DELAYED EXCHANGE VS SIMULTANEOUS EXCHANGE – DETAILED ANALYSIS
We are often asked, given a choice, would we recommend a Simultaneous Exchange or a Delayed Exchange?
Many years in the past, a Simultaneous Exchange was preferred because there were few rules or guidelines on how to safely complete a Delayed Forward Tax Deferred Exchange. However, since the IRS has now issued specific Regulations for Forward Tax Deferred Delayed Exchanges, our answer has changed.
The IRS Regulations now provide a “safe harbor” for a Forward Delayed Exchange, which is handled by a Qualified Intermediary. Safe harbor rules are fairly clear and remove much of the uncertainty about how to successfully structure a Delayed Forward Tax Deferred Exchange. There are no corresponding IRS safe harbors for Simultaneous Exchanges.
A Simultaneous Exchange is a transaction in which the disposition of the Relinquished Property and the acquisition of the Replacement Property are accomplished in mutually interdependent escrows. Closing of the Relinquished Property cannot occur without the closing of the Replacement Property and vice versa.
Because the closing of the Relinquished and Replacement Property is mutually interdependent, the buyer of the Relinquished Property and the seller of the Replacement Property must be ready to perform at the same time. It also requires more cooperation from the buyer of the Relinquished Property and for the seller of the Replacement Property than does a Delayed Forward Exchange.

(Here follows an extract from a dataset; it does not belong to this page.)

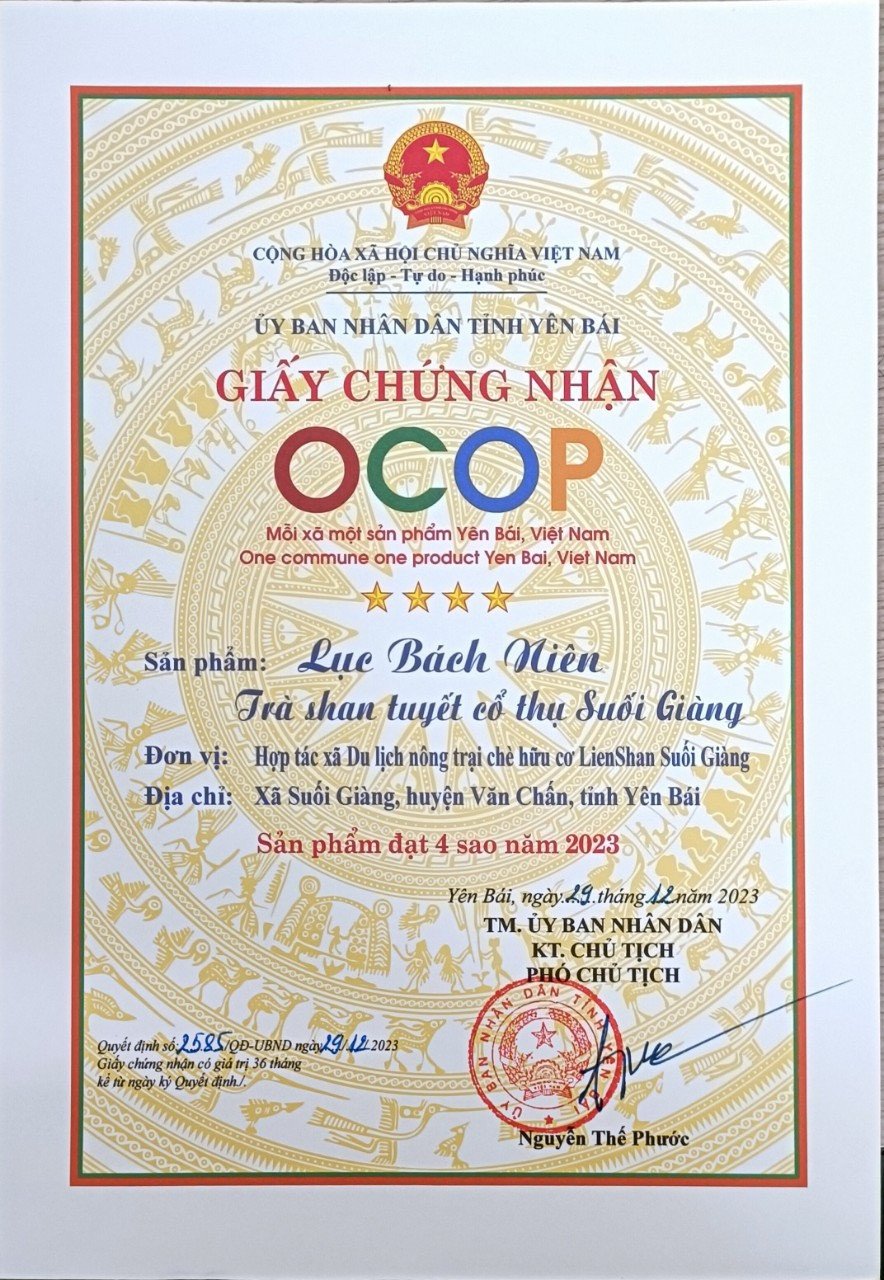 100% búp chè được lấy từ những cây chè Shan tuyết cổ thụ có độ tuổi từ trên 60 năm trở lên tại Suối Giàng, Văn Chấn, Yên Bái.

In a Simultaneous Exchange, the buyer of the Relinquished Property and the seller of the Replacement Property must execute an Exchange Agreement and Escrow Instructions that tie all of the property transfers together.
The Relinquished Property and the Replacement Property, possibly being located in different counties or states, can add more complexity to a simultaneous Exchange. A Simultaneous Exchange, taking place in different counties or states and on different dates, is theoretically possible but practically difficult.
Normally, business concerns or practical problems will dictate whether the exchange will be simultaneous or delayed. Sometimes the lender providing purchase money financing or title problems on either property make the simultaneous closing of the properties impossible. The difficulty of holding a Simultaneous Exchange together greatly increases if there are multiple exchanges or multiple target properties involved. Sometimes the Exchangor is unable to find the Replacement Property before the Relinquished Property is to close making a simultaneous transaction impossible.
To cooperate in a Delayed Forward Exchange, on the other hand, the Buyer of the Relinquished Property only has to execute a Substitution Agreement accepting the Qualified Intermediary as the substituted seller of the Relinquished Property. The closing of the Relinquished Property is not tied to the closing of the Replacement Property.
To cooperate in a Delayed Exchange, the seller of the Replacement Property only has to execute a Substitution Agreement accepting the Qualified Intermediary as the substituted buyer of the Replacement Property. The closing of the Replacement Property is not tied to the closing of the Relinquished Property.
The Simultaneous Exchange has one distinct advantage over a Delayed Exchange: the Replacement Property becomes the property of the exchangor on the date of closing of the Relinquished Property. All uncertainties about future events adversely affecting the ability of the exchangor to complete the exchange are removed. Unless the Replacement Property closes; the Relinquished Property does not close.
An unsuccessful Simultaneous Exchange means that the exchangor still has the Relinquished Property. An unsuccessful Delayed Exchange means that the exchangor also has a tax liability.